This trial is active, not recruiting.

Condition depressive disorder
Treatment depression care management
Sponsor University of Washington
Collaborator National Institute of Mental Health (NIMH)
Start date November 2009
End date May 2015
Trial size 205 participants
Trial identifier NCT01096316, 1R01MH085668, 37061-G


Major depressive disorder (MDD) is a common disabling illness that disproportionately affects women, with prevalence rates two times those of men. In addition to suffering, MDD has been shown to have a marked effect on social and vocational functioning, with increased disability, lost productivity, and excess mortality. Women with MDD have an increased prevalence of comorbid anxiety disorders and medical conditions.

Our model of care utilizes a social worker as a depression care manager (DCM) to support both patients and physicians in optimizing care in the OB-GYN clinical setting. This intervention will be compared to usual care for depression.

United States No locations recruiting
Other countries No locations recruiting

Study Design

Allocation randomized
Endpoint classification efficacy study
Intervention model parallel assignment
Masking open label
Primary purpose treatment
The intervention will integrate care between a depression care manager, consulting study team (psychiatry, psychology, OB-GYN researchers) and OB-GYN clinic providers. The 3-part intervention includes: enhanced education of patients and providers engagement of patients depression care management with patient choice of initial antidepressant medication or Problem-Solving Treatment-Primary Care and behavioral activation.
depression care management Study Intervention
The intervention is conducted by a social worker who has the role of a Depression Care Manager (DCM). First, a unique engagement session develops rapport with the DCM, providing education and identifying health concerns. DCM meets in-person and/or by phone every 1-2 weeks for 12 weeks, then monthly for the rest of the 12-month intervention. Patients choose either medication or Problem-Solving Treatment-Primary Care therapy. Depressive symptoms are assessed at each visit with the PHQ-9, as well as response to medications or to PST, with a total of 8 PST-PC sessions. Patients with inadequate response after 8 weeks to the first choice will switch or combine treatments. Providers are given extensive feedback about the patient's health care concerns.
(No Intervention)
Patients randomized to Usual Care Arm will be informed of their diagnosis and encouraged to inform her OB-GYN provider about her depression diagnosis. Patients will be encouraged to proceed with care using any primary care or specialty services normally available to them inside/outside their OB-GYN clinic. All treatment decision for Usual Care Arm patients are left to the OB-GN provider.

Primary Outcomes

Depression Treatment Outcome
time frame: 12 months
Functional Outcome
time frame: 12 months

Secondary Outcomes

Quality of Depression Care Indicators
time frame: 12 months
Potential Facilitators and Barriers to Sustainability
time frame: 18 months

Eligibility Criteria

Female participants at least 18 years old.

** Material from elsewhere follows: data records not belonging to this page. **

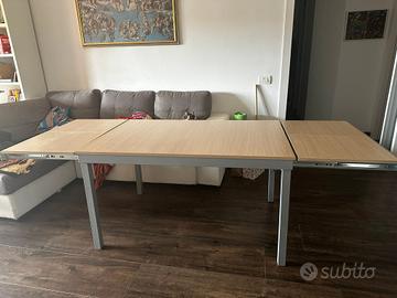 tavolo da cucina allungabile misure 130 × 85 due prolunghe da 50 cm l'una misure aperto 230 × 85 piccoli difetti in superfici, perfettamente funzionante, vendo per cambio arredo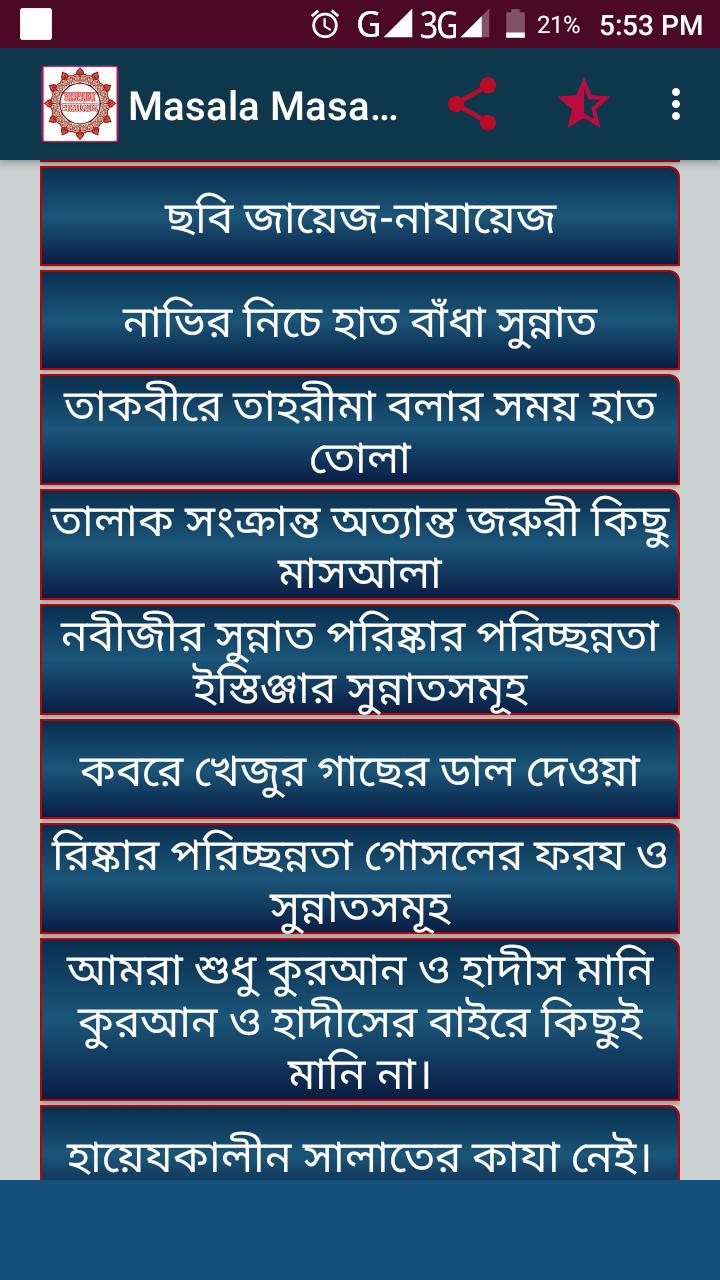 * ইসলামের সকল মাসালা মাসায়েল খুব সহজে উল্লেখ করা হয়েছে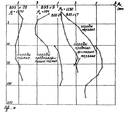 При отсутствии опорных сведений о характере изменения сопротивления пород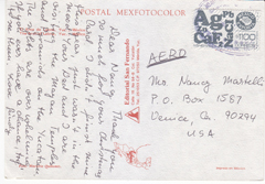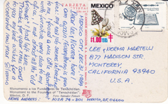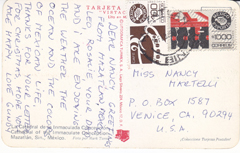 POSTCARD #206 Mazatlán [Sinaloa, Mexico]. Paseo Centenario. El Clavadista. Olas Altas. Playa Norte. Tarjeta Postal Vistacolor. Lito en México. Litografica Turmex, S.A. [Address obscured by mailing label.] Coleccione Tarjetas Postales! 5.5" x 3.5" VG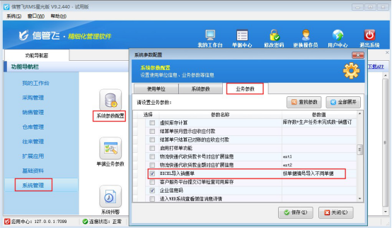 在功能導(dǎo)航窗點(diǎn)擊“系統(tǒng)管理”—》“系統(tǒng)參數(shù)配置”,選擇“業(yè)務(wù)參數(shù)”,勾選參數(shù)“Excel導(dǎo)入銷售單(按單據(jù)編號(hào)導(dǎo)入不同單據(jù))”,保存設(shè)置,如下圖所示:

Inclusion Criteria: - PHQ-9 score ≥10 for Major Depressive Disorder (with 1 cardinal symptom) and/or ≥10 for Dysthymia (with 1 cardinal symptom) - MINI confirmation of PHQ-9 diagnoses - Access to a telephone - English-speaking Exclusion Criteria: - High suicide risk (PHQ-9 response) - ≥2 prior suicide attempts - Lifetime history of schizophrenia or bipolar disorder (MINI response) - Substance abuse/dependence within the previous 3 months (CAGE-AID) - Current severe intimate partner violence - Currently seeing a psychiatrist

Additional Information

Official title Reducing Disparities and Improving Care for Depression in OB-GYN Clinics: Depression Attention for Women Now (The DAWN Study)
Principal investigator Wayne Katon, MD
Description A large number of women receive their routine care in OB-GYN clinics, including a disproportionate percentage of low-income and minority women. For many of these women, OG-GYNs are the only provider they see on a regular basis. OB-GYNs take care of women across their lifespan, addressing gynecologic, health care maintenance, pregnancy and primary care concerns in their everyday practices. There are multiple aspects of OG-GYN care that are uniquely suited for detection and treatment of depression, but there are also significant barriers to such care that must be addressed. In this randomized controlled trial, we are testing this depression care management program for women attending two OB-GYN clinics in the University of Washington health care system. Our research aims to test the hypothesis that a depression care management intervention, integrated into the OB-GYN clinic setting, will improve treatment outcomes for depression, functional outcomes, and satisfaction with depression care. The results of our research will greatly impact clinical care by satisfying an unmet need for effective depression services for women seen in OB-GYN clinical settings. The study compares a depression care management intervention, delivered by a depression care manager, to usual care for depression in the clinics. The primary aims of the study are to evaluate, compared to usual care, a depression intervention consisting of enhanced education, engagement, and depression care management (with a choice of antidepressant medication monitoring and/or provision of brief psychotherapy).
Trial information was received from ClinicalTrials.gov and was last updated in August 2014.
Information provided to ClinicalTrials.gov by University of Washington.